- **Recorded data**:
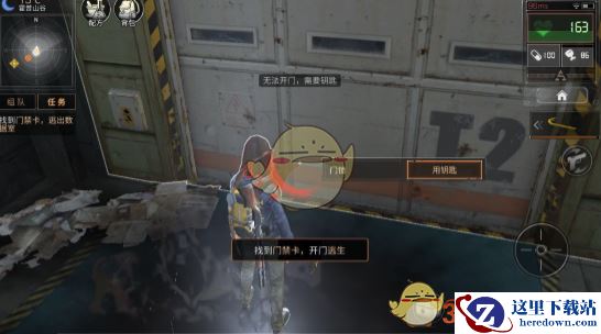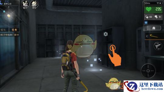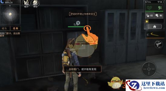继续跟着发光的提示,探索地图,走到各个有发光提示的柜子前,撬开柜子,拿到门禁卡和绷带子弹等物资。
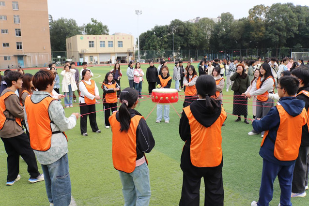 紧随其后的是“鼓动人心”项目,队员们手持鼓绳,眼神专注,相互提醒,现场观众掌声不断。美术与设计学院策划的“流水乒乓”项目,将创意与协作完美融合。比赛中,参赛选手手持U型槽纵向排成一列,合力运输乒乓球。大家全神贯注,生怕乒乓球落地,飞速奔跑的步伐展现着不服输的精神。两轮比拼后,工作人员汇总各队用时,用时最短的队伍斩获高分。队员们欢呼雀跃,尽情享受胜利的喜悦。
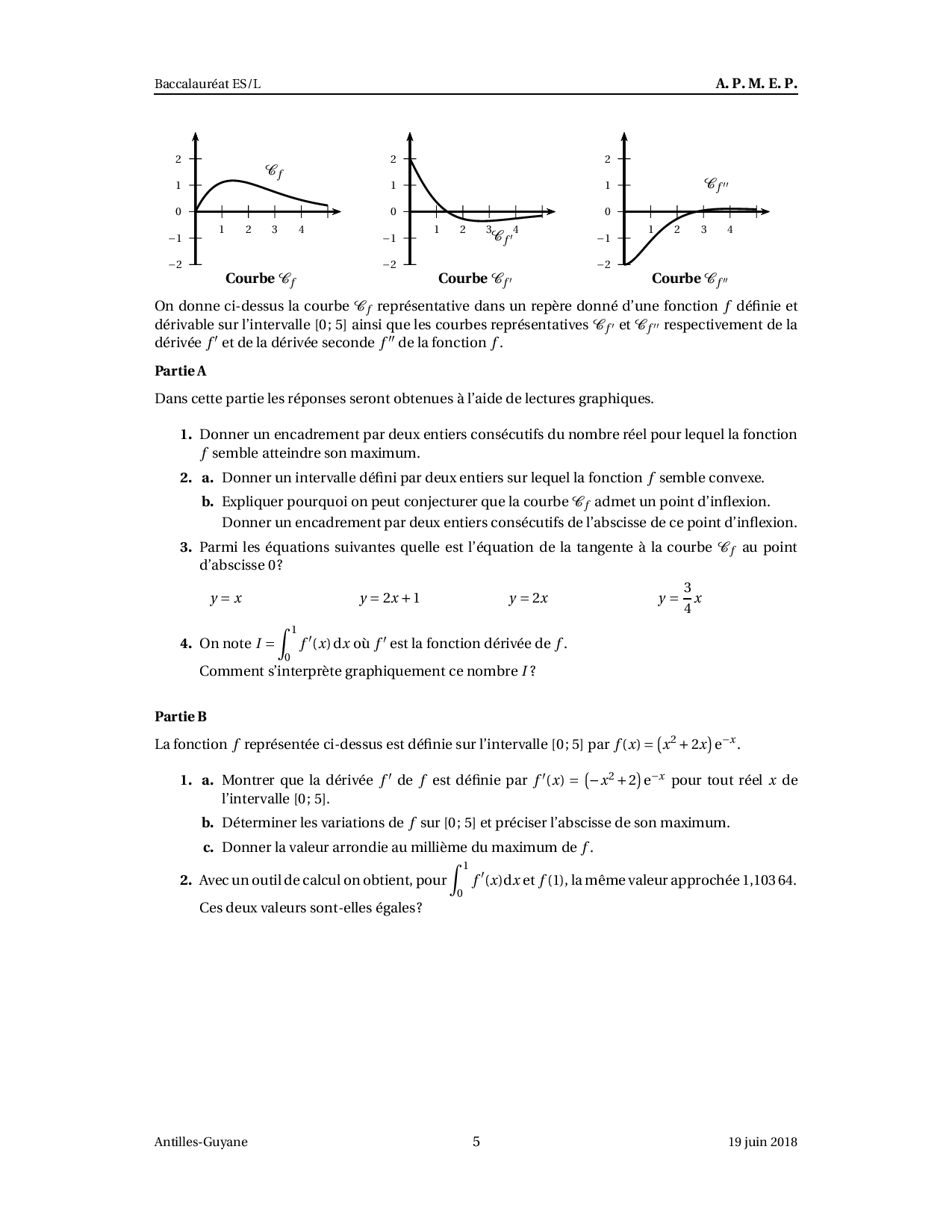 Annale Maths Bac ES-L Antilles-Guyane juin 2018 - Sujet
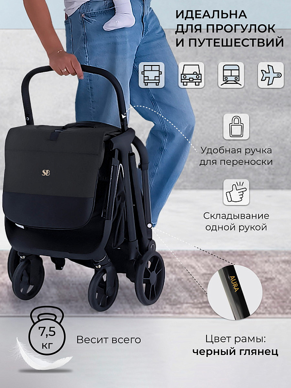 Лёгкая прогулочная коляска Aura- стильная, маневренная, легкая коляска, которая станет незаменимой помощницей в путешествиях и дальних поездках.
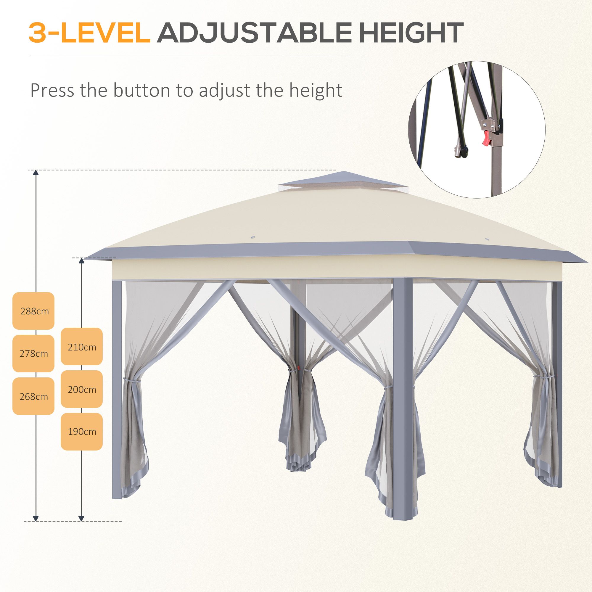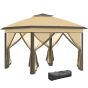11' x 11' Pop Up Canopy, Double Roof Foldable Canopy Tent with Zippered Mesh Sidewalls, Height Adjustable and Carrying Bag, Event Tent Beige
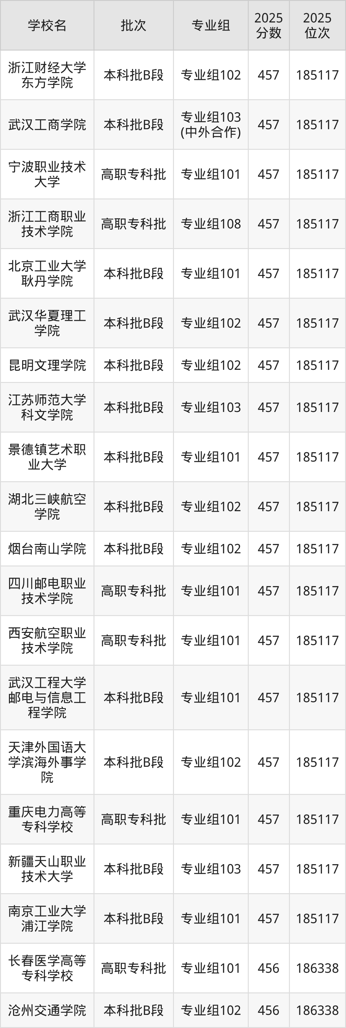 另外录取位次低于该区间(较稳妥)的有重庆外语外事学院专业组102(187568名)、山东英才学院专业组104(187568名)等;录取位次高于该区间(可冲)的有南京工业大学浦江学院专业组101(185117名)、新疆天山职业技术大学专业组103(185117名)等。
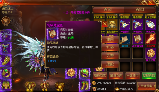 1、分为普通与高级两种藏宝图,点击使用后,只要跟随指南针的指向前往指定地方挖宝,就有可能找到神装。
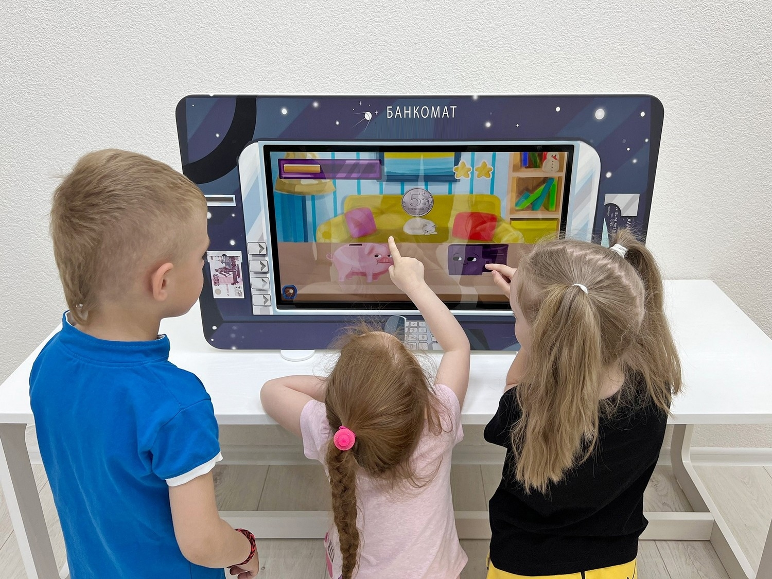 Сенсорная панель Банкомат: фирменная сенсорная панель «Банкомат» является незаменимым помощником в прохождении занятий. Банкомат поддерживает групповую работу, педагог сможет задействовать как можно больше детей.
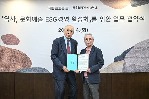 [서울시티=김청월 기자] 세종문화회관(사장 안호상)과 세종국가경영연구원(이사장 손욱)은 6월 4일(화) 역사교육과 문화예술 부문에서 ESG 활동을 적극 펼치기 위한 업무협약을 체결했다. 세종문화회관 안호상 사장과 세종국가경영연구원 손욱 이사장이 참석한 협약식은 문화예술분야에서의 ESG경영 확대에 대한 의지를 다지는 계기가 되었다. 세종문화회관은 2022년부터 ESG경영을 선도적으로 도입하여 다양한 활동을 펼치고 있다. 특히 세종문화회관은 상설 전시장 세종이야기에서 세종국가경영연구원과 함께 <내가 그린 세종 어진>, <내가 만난 세종 : 저자가 말하는 세종 이야기> 등 청소년과 시민이 참여하는 ESG경영 프로그램을 운영하고 있다. 앞으로 세종문화회관은 세종대왕의 성장과정 및 문제해결 방식 등을 배울 수 있는 프로그램을 통해 학생과 직장인 등 과도 적극 소통하며 세종대왕의 애민사상을 널리 알리는데 힘쓸 예정이다.
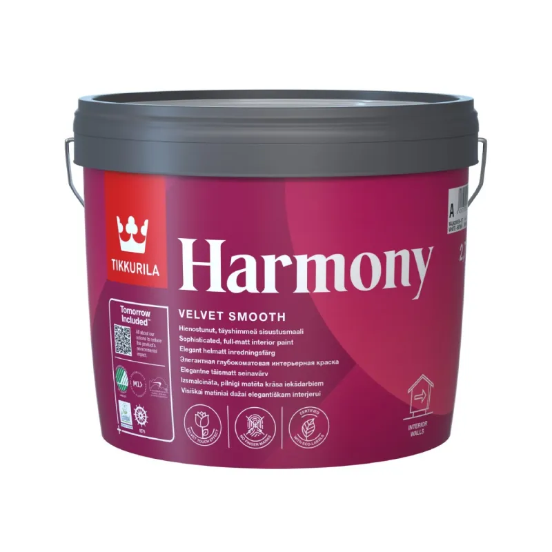 Harmony is one of the most eco-certified products in Tikkurila assortment. Formula has very low VOC-emission level, much below standard. That is proved by M1, EU Ecolabel and Nordic Swan certificates. Harmony paint is developed in cooperation with Finnish Allergy, Skin and Asthma Association
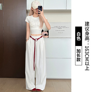韩系慵懒感弯刀阔腿裤女2025夏季新款简约压褶遮肚休闲百搭气球裤
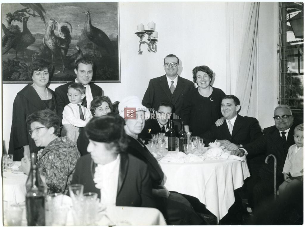| osservazioni | La famiglia Portaleone al ricevimento. Da sinistra la prima coppia in piedi: Alba Portaleone Anav e Lello Anav, coniugi. Poi seguono: Bruno Portaleone e Graziella Portaleone Foà in piedi, che tiene una mano sulla spalla di Noè Foà, seduto |
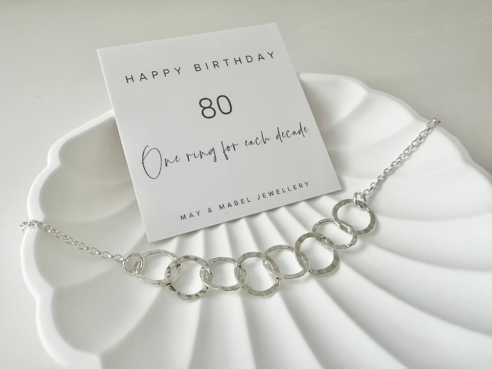 A beautiful 80th birthday gesture, this sterling silver eight ring necklace makes the perfect gift to celebrate a special eight decades milestone.
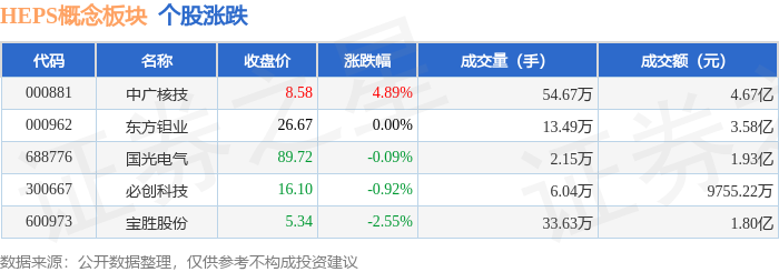 证券之星消息,11月19日HEPS概念板块较上一交易日上涨0.27%,中广核技领涨。当日上证指数报收于3946.74,上涨0.18%。深证成指报收于13080.09,下跌0.0%。HEPS概念板块个股涨跌见下表:

- **WHAT IS BEING ASKED**:
Except for the pictures, write the data out exactly.

- **WRITTEN RESPONSE**:
继续跟着发光的提示,探索地图,走到各个有发光提示的柜子前,撬开柜子,拿到门禁卡和绷带子弹等物资。
 紧随其后的是“鼓动人心”项目,队员们手持鼓绳,眼神专注,相互提醒,现场观众掌声不断。美术与设计学院策划的“流水乒乓”项目,将创意与协作完美融合。比赛中,参赛选手手持U型槽纵向排成一列,合力运输乒乓球。大家全神贯注,生怕乒乓球落地,飞速奔跑的步伐展现着不服输的精神。两轮比拼后,工作人员汇总各队用时,用时最短的队伍斩获高分。队员们欢呼雀跃,尽情享受胜利的喜悦。
 Annale Maths Bac ES-L Antilles-Guyane juin 2018 - Sujet
 Лёгкая прогулочная коляска Aura- стильная, маневренная, легкая коляска, которая станет незаменимой помощницей в путешествиях и дальних поездках.
11' x 11' Pop Up Canopy, Double Roof Foldable Canopy Tent with Zippered Mesh Sidewalls, Height Adjustable and Carrying Bag, Event Tent Beige
 另外录取位次低于该区间(较稳妥)的有重庆外语外事学院专业组102(187568名)、山东英才学院专业组104(187568名)等;录取位次高于该区间(可冲)的有南京工业大学浦江学院专业组101(185117名)、新疆天山职业技术大学专业组103(185117名)等。
 1、分为普通与高级两种藏宝图,点击使用后,只要跟随指南针的指向前往指定地方挖宝,就有可能找到神装。
 Сенсорная панель Банкомат: фирменная сенсорная панель «Банкомат» является незаменимым помощником в прохождении занятий. Банкомат поддерживает групповую работу, педагог сможет задействовать как можно больше детей.
 [서울시티=김청월 기자] 세종문화회관(사장 안호상)과 세종국가경영연구원(이사장 손욱)은 6월 4일(화) 역사교육과 문화예술 부문에서 ESG 활동을 적극 펼치기 위한 업무협약을 체결했다. 세종문화회관 안호상 사장과 세종국가경영연구원 손욱 이사장이 참석한 협약식은 문화예술분야에서의 ESG경영 확대에 대한 의지를 다지는 계기가 되었다. 세종문화회관은 2022년부터 ESG경영을 선도적으로 도입하여 다양한 활동을 펼치고 있다. 특히 세종문화회관은 상설 전시장 세종이야기에서 세종국가경영연구원과 함께 <내가 그린 세종 어진>, <내가 만난 세종 : 저자가 말하는 세종 이야기> 등 청소년과 시민이 참여하는 ESG경영 프로그램을 운영하고 있다. 앞으로 세종문화회관은 세종대왕의 성장과정 및 문제해결 방식 등을 배울 수 있는 프로그램을 통해 학생과 직장인 등 과도 적극 소통하며 세종대왕의 애민사상을 널리 알리는데 힘쓸 예정이다.
 Harmony is one of the most eco-certified products in Tikkurila assortment. Formula has very low VOC-emission level, much below standard. That is proved by M1, EU Ecolabel and Nordic Swan certificates. Harmony paint is developed in cooperation with Finnish Allergy, Skin and Asthma Association
韩系慵懒感弯刀阔腿裤女2025夏季新款简约压褶遮肚休闲百搭气球裤
| osservazioni | La famiglia Portaleone al ricevimento. Da sinistra la prima coppia in piedi: Alba Portaleone Anav e Lello Anav, coniugi. Poi seguono: Bruno Portaleone e Graziella Portaleone Foà in piedi, che tiene una mano sulla spalla di Noè Foà, seduto |
 A beautiful 80th birthday gesture, this sterling silver eight ring necklace makes the perfect gift to celebrate a special eight decades milestone.
 证券之星消息,11月19日HEPS概念板块较上一交易日上涨0.27%,中广核技领涨。当日上证指数报收于3946.74,上涨0.18%。深证成指报收于13080.09,下跌0.0%。HEPS概念板块个股涨跌见下表:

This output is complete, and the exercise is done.